The anti-drug-war Drug Policy Alliance claims that more than 1.6 million people were arrested in the United States in 2010 on nonviolent drug charges. It further says that more than $51 billion is spent each year in the United States on the drug war.

So the expensive War on Drugs has been very successful at locking up people, many of whom posed no threat beyond that to their own health.

But, as Eduardo Porter pointed out in a July 3 New York Times column (RCReader.com/y/legalize), the effort has failed in two key areas: supply and demand. Illegal-drug use now is at roughly the same level as it was 20 years ago, while prices have dropped for nearly all illegal drugs except marijuana, he noted.

Beyond the numbers, there are the human lives derailed or ruined by arrests and incarcerations for nonviolent drug offenses.

From a law-enforcement perspective, Ryan said, police also pay a price beyond the actual costs of drug-enforcement programs. Narcotics officers have low morale, he said. And "in law enforcement in general, the greatest source of complaints ... has to do with narcotics enforcement."

So in Ryan's and LEAP's views, ending the drug war would pay many dividends: to state and federal prison budgets, and to the images and budgets of local, state, and federal law-enforcement agencies.

Ryan said that neither he nor LEAP has a specific preferred policy for legalization, or what would happen after.

"We just know that we have a policy that has failed miserably and has caused more damage than it's ever helped," he said. "We need to change that so we can get on to a program. ...

"The first step is just to say: There's no such thing as a completely illegal drug. And we go from there and say: However, there are regulations where there are illegal things you can do with drugs."

The general framework, he said, might mimic regulations currently governing alcohol, tobacco, and prescription drugs: "There are certain people that are authorized to sell those.

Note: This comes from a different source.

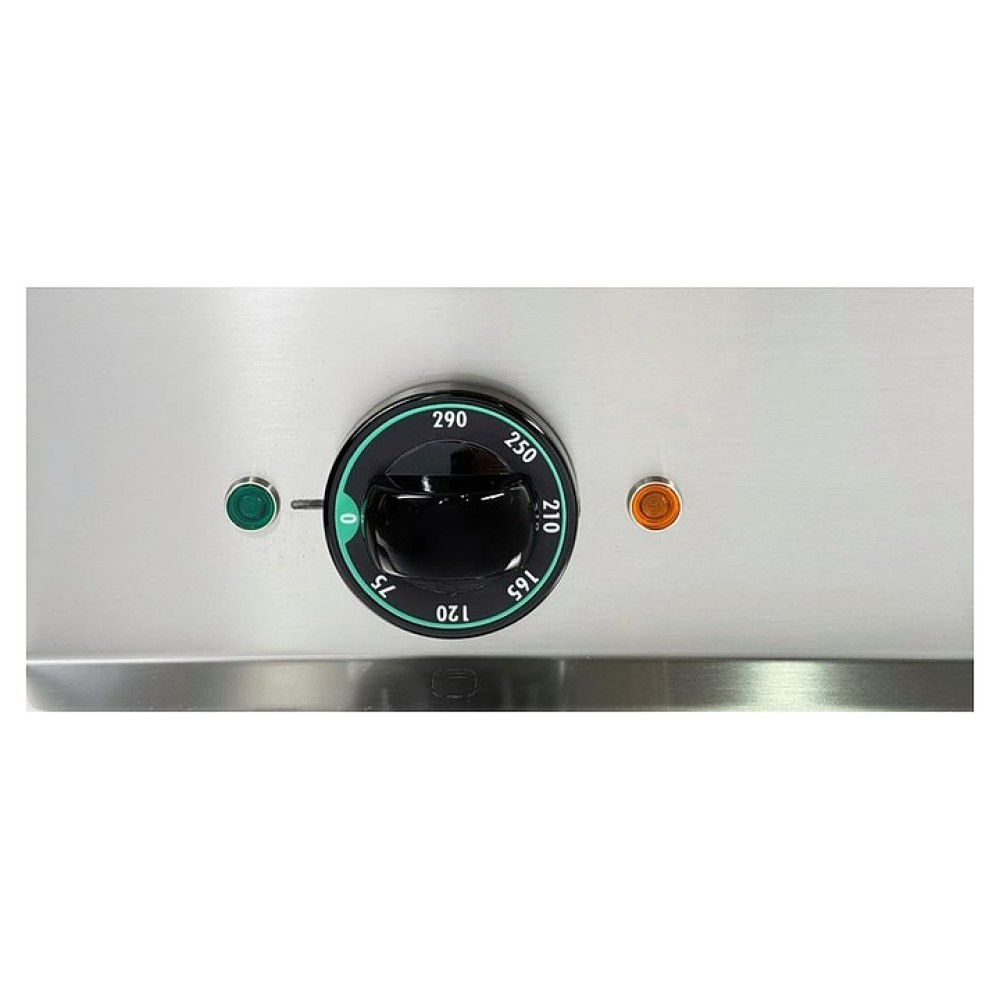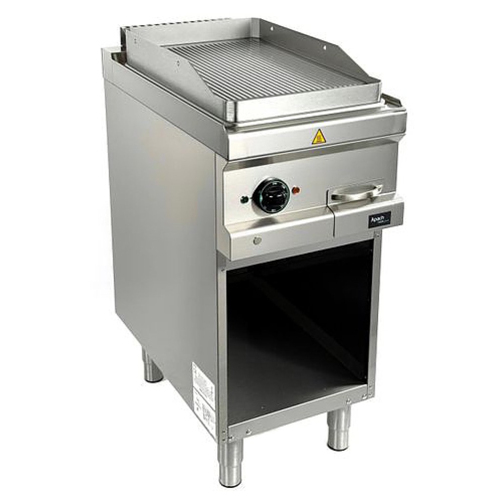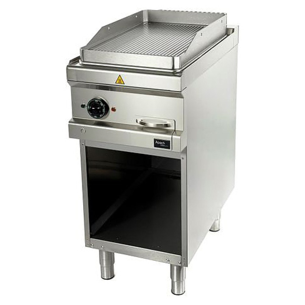 Жарочная поверхность Apach APTE-47PR/PL 700-й серии предназначена для обжарки мяса, рыбы и овощей на предприятиях общественного питания и торговли. Модель с закругленными краями и бортами оснащена электромеханической панелью управления с терморегулятором и 2 световыми индикаторами, выдвижным лотком для сбора остатков пищи, масла и жира и открытой подставкой с регулируемыми по высоте ножками. Корпус, панель управления и вытяжная решетка выполнены из нержавеющей стали AISI 304, боковые и задняя панели - из нержавеющей стали AISI 430, лоток - из нержавеющей стали, рабочая поверхность – из конструкционной стали.

Certain people authorized to buy them - those are age restrictions [on alcohol and tobacco]. And especially with alcohol, you're definitely held responsible for misuse and what you do because of your misuse. That's kind of what we're looking for. ... It's not a free-for-all."

He also said he favors releasing people now in prison for nonviolent drug-possession offenses.

Resources currently used for drug enforcement and incarceration could be diverted to treatment, education, and re-acclimation programs, Ryan said: "I couldn't tell you what the cost of that would be, but I'm making a pretty good guess that it would be less than the cost of keeping them" in prison.

He acknowledged that drug legalization would not be a panacea, with new problems to address - including what would happen to the current illegal-drug-trade infrastructure. "There are lots of human ills that people can cater to," he said.

With the caveats that he didn't talk openly about his drug-war views when he was an active officer and that he's been retired for nine years, Ryan said that many in law enforcement share his perspective - although they might not speak out because they fear they could lose their jobs. "I think there are a lot more than people might imagine currently active police officers who are sympathetic to what we have to say," he said. He guessed that 40 percent of police officers "think we could be doing something else, spend our time on other ills."

But, he emphasized, while individual police departments might de-prioritize drug enforcement, it's still fundamentally a legislative issue - and legalization arguments continue to fall on largely deaf ears with lawmakers, particularly at the federal level. Ryan said that when he talks to legislators, they're polite but noncommittal: "'Thank you. I'm glad we had this talk.' ... There aren't very many that I come across at this point in time" who say they agree with LEAP's positions.

Of course, some state and local jurisdictions have legalized medical marijuana, or decriminalized marijuana possession.

But elsewhere, Ryan said, police officers are required to enforce the law, and federal drug policy hasn't changed: "As long as something is just illegal, there's nothing more you can do except arrest people ... and put them in prison. ... It doesn't solve the problem of drugs. It just collects money. Except that we spend more than we ever collect."